Data segment >>
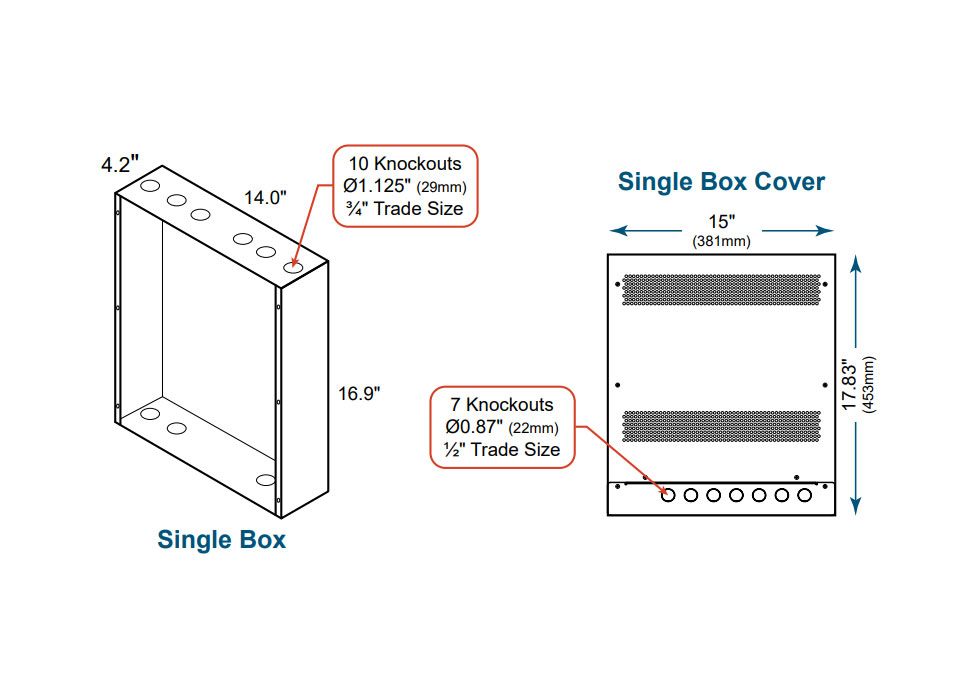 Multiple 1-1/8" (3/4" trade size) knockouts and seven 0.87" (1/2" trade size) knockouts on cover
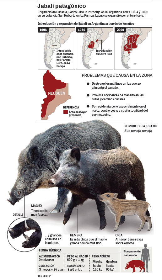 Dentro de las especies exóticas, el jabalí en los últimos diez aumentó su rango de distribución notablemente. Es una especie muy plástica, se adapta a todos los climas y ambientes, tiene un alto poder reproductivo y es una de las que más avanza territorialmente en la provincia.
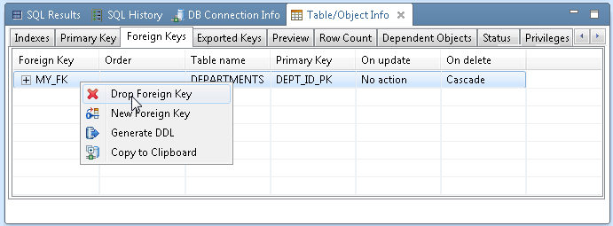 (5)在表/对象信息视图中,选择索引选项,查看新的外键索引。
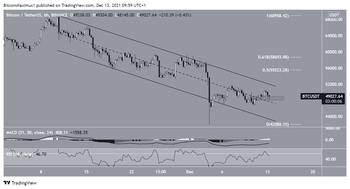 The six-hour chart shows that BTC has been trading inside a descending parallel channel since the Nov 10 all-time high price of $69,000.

Task details >>
Write the material out again word for word and omit any images.

Output for this task >>
 Multiple 1-1/8" (3/4" trade size) knockouts and seven 0.87" (1/2" trade size) knockouts on cover
 Dentro de las especies exóticas, el jabalí en los últimos diez aumentó su rango de distribución notablemente. Es una especie muy plástica, se adapta a todos los climas y ambientes, tiene un alto poder reproductivo y es una de las que más avanza territorialmente en la provincia.
 (5)在表/对象信息视图中,选择索引选项,查看新的外键索引。
 The six-hour chart shows that BTC has been trading inside a descending parallel channel since the Nov 10 all-time high price of $69,000.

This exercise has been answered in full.